The head was placed with the nose tilted down and the pharynx was packed with 2‐4 absorbent sponges (Metro‐pak dental sponges, Roots Vet Dental supplies, Hinckley, United Kingdom). Fungal plaques in the frontal sinus and nasal cavity were fragmented and loosened using biopsy forceps through the endoscope (Figure 1A). A 0.035 in Basset (Straight Bentson guidewire, Infiniti Medical, Redwood City, California; straight Bentson) wire was introduced into the sinus via the endoscope biopsy channel (Figure 1B), and the scope was removed over the guidewire, leaving the guidewire in place. An 8F or 10F rigid canine urinary catheter (Portex Dog Catheter with female luer mount, Smiths Medical International, Hythe, Kent, United Kingdom) was trimmed so that the length approximated the distance from the nares to the frontal sinus plus an additional 2‐3 cm. The catheter was passed over the wire into the frontal sinus; correct placement was confirmed endoscopically (Figure 1C). The frontal sinus then was irrigated vigorously through the catheter with 0.9% saline using a 60 mL syringe. Sinuscopic examination was performed alongside the catheter after irrigating with approximately 200‐300 mL of saline. This process was repeated until no or minimal fungal plaques were detected endoscopically (Figure 2A). One‐percent clotrimazole cream (Canesten 1% cream, Bayer, Hanover, New Jersey) warmed to body temperature (to ease passage through the catheter) was instilled via the catheter into the frontal sinus and nasal cavity (typically 50‐70 g) until cream was seen to exit the external nares (Figure 2B). This procedure was repeated on both nasal cavities if the contralateral sinus was affected. If the contralateral frontal sinus was normal on CT scan and could not be accessed with the endoscope, the catheter was placed in the caudal nasal cavity under endoscope visualization and the cream instilled into the nasal cavity. The external nares were packed with large cotton swabs and the dog was placed in dorsal recumbency for 10 minutes to allow distribution of the cream to the dorsal wall of the frontal sinus. The patient was recovered with the nose tilted down and monitored closely to minimize the risk of aspiration. Analgesia (meloxicam 0.1 mg/kg [Metacam, Boehringer Ingelheim, St. Joseph, Missouri] PO q24hr) was given for 5 days after the procedure. Antibiotics were not given to any of the dogs.
Figure 2.
Frontal sinuscopy after debridement with instillation and follow‐up endoscopy. (A) At the completion of manual debridement and flushing, the majority of fungal plaques have been flushed out. (B) Clotrimazole cream is instilled via the catheter into the frontal sinus. The sinus is filled until cream is observed to protrude out of the sinus. The flexible endoscope is gradually withdrawn as cream is continuously instilled, filling the nasal cavity. (C) After a single treatment in 1 dog, no fungal plaques are apparent in the frontal sinus. One final clotrimazole treatment is performed as previously described.
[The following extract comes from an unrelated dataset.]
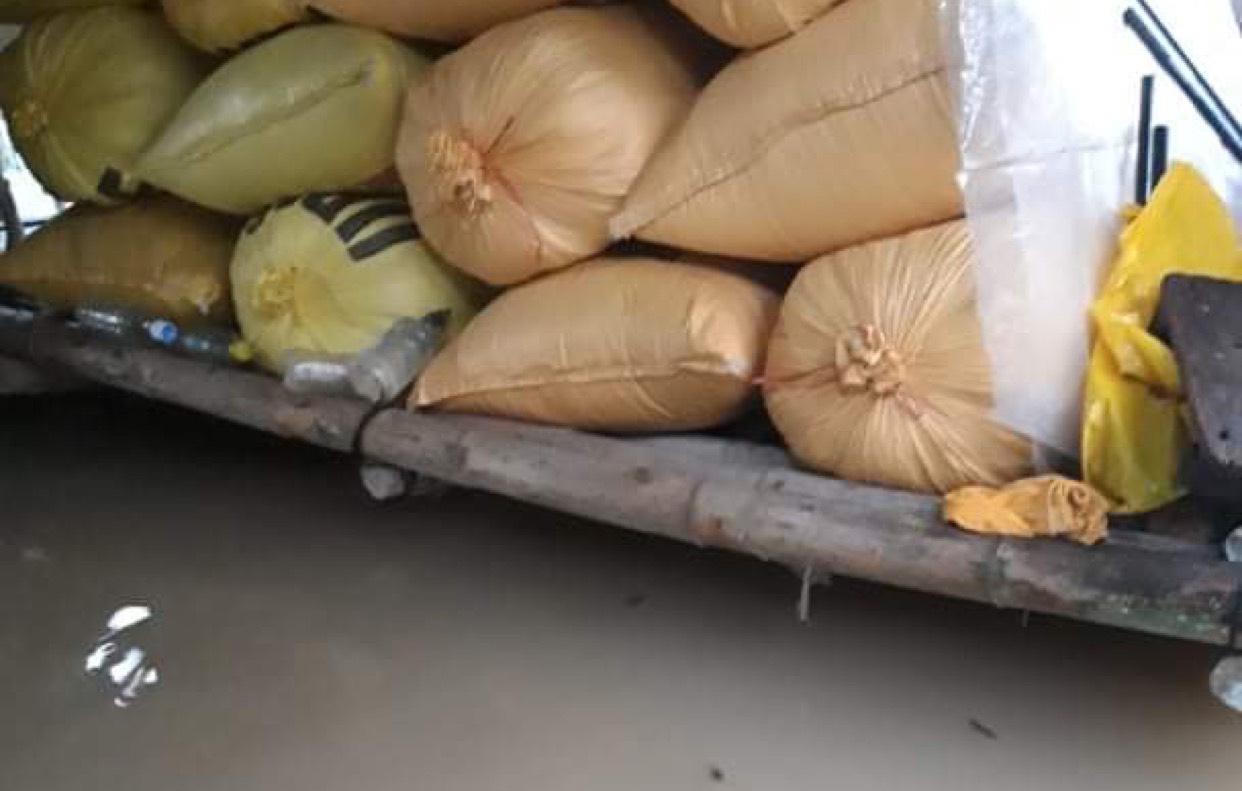 Một số hộ dân đã kịp vận chuyển lúa, vật dụng trong nhà lên cao để không bị nước lũ làm hư hỏng. |
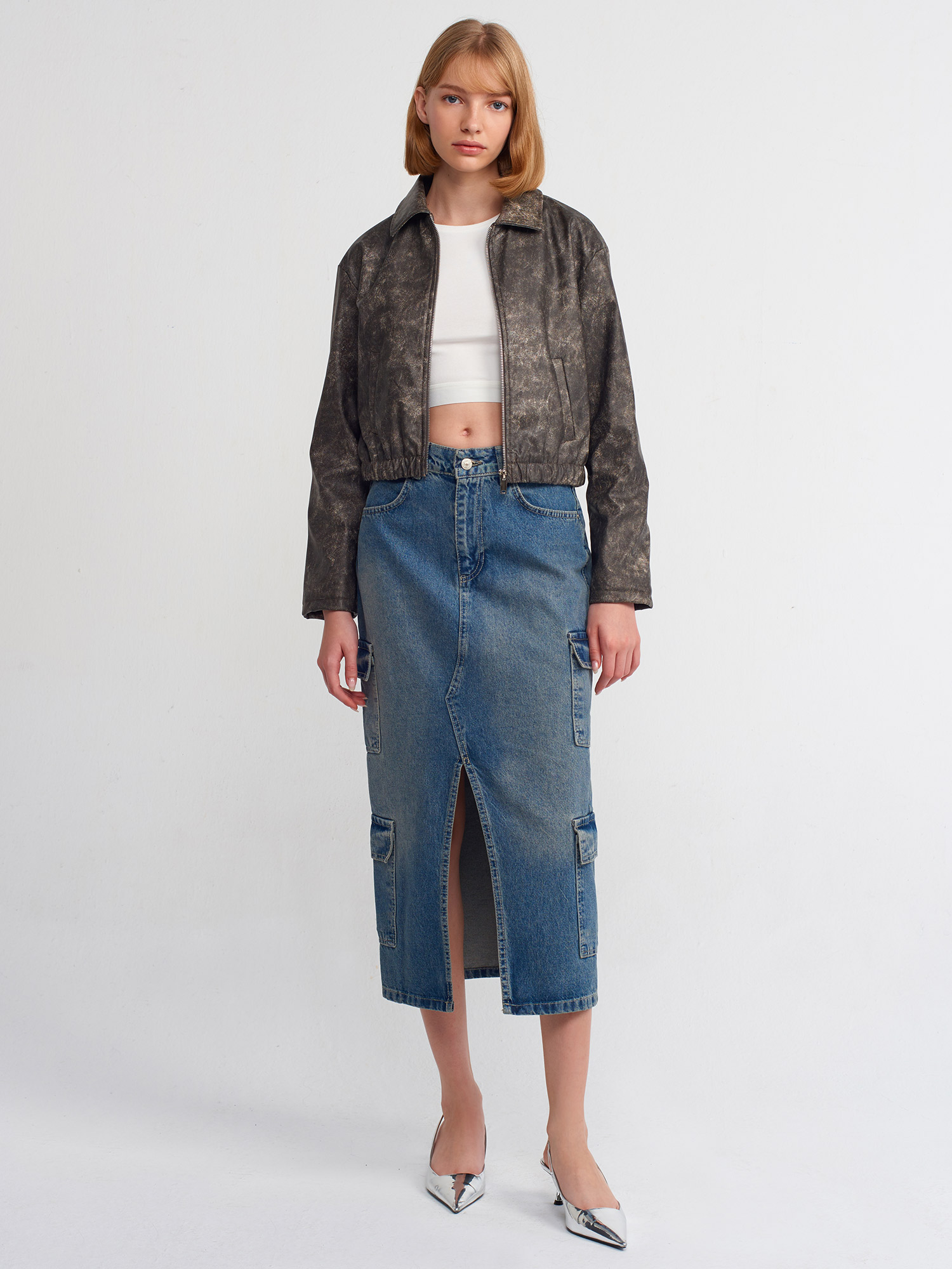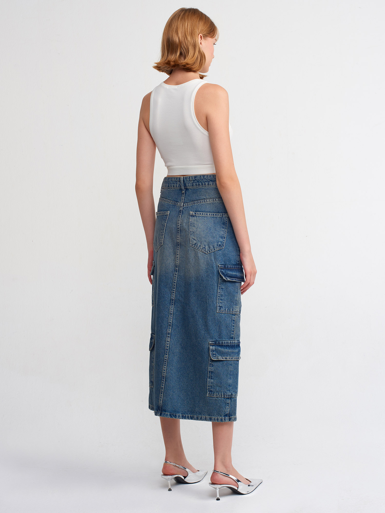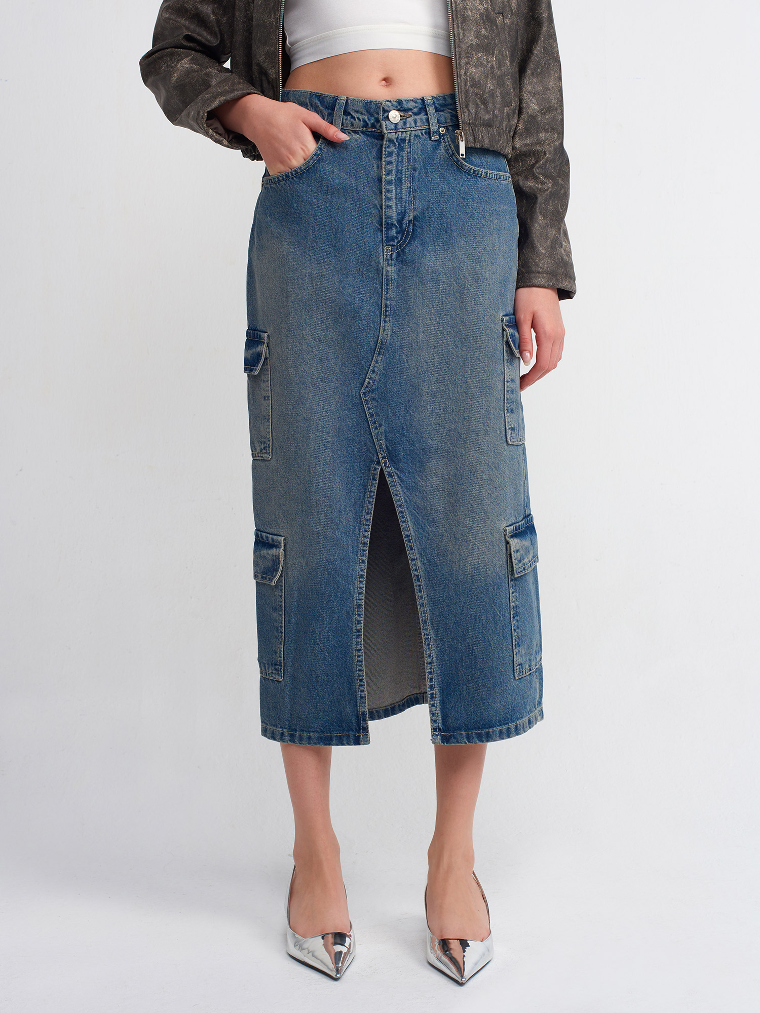80564 Dört Cepli Yırtmaçlı Denim Etek-Tint

This treatment regimen was repeated at 2‐week intervals until there was no gross evidence of disease (Figure 2C). At this point, biopsies were repeated for histopathology and culture. The frontal sinus was not debrided or flushed, and clotrimazole cream was deposited through a catheter as previously described. Resolution of disease (cure) was defined as the absence of fungal plaques on repeat sinuscopy, negative fungal culture, and no fungal elements seen on histopathology.
3. RESULTS
A total of 12 dogs were included. Breeds included Golden Retriever (n = 4), Border Collie (n = 3), Collie cross, Cockapoo, Dalmatian cross, Labrador Retriever, and Welsh Springer Spaniel. There were 9 males (1 intact) and 3 females (1 intact). Age at the time of diagnosis ranged from 1 to 13.5 years (mean, 6.7 years). Body weight ranged from 12.6 to 41.9 kg (median, 26.8 kg).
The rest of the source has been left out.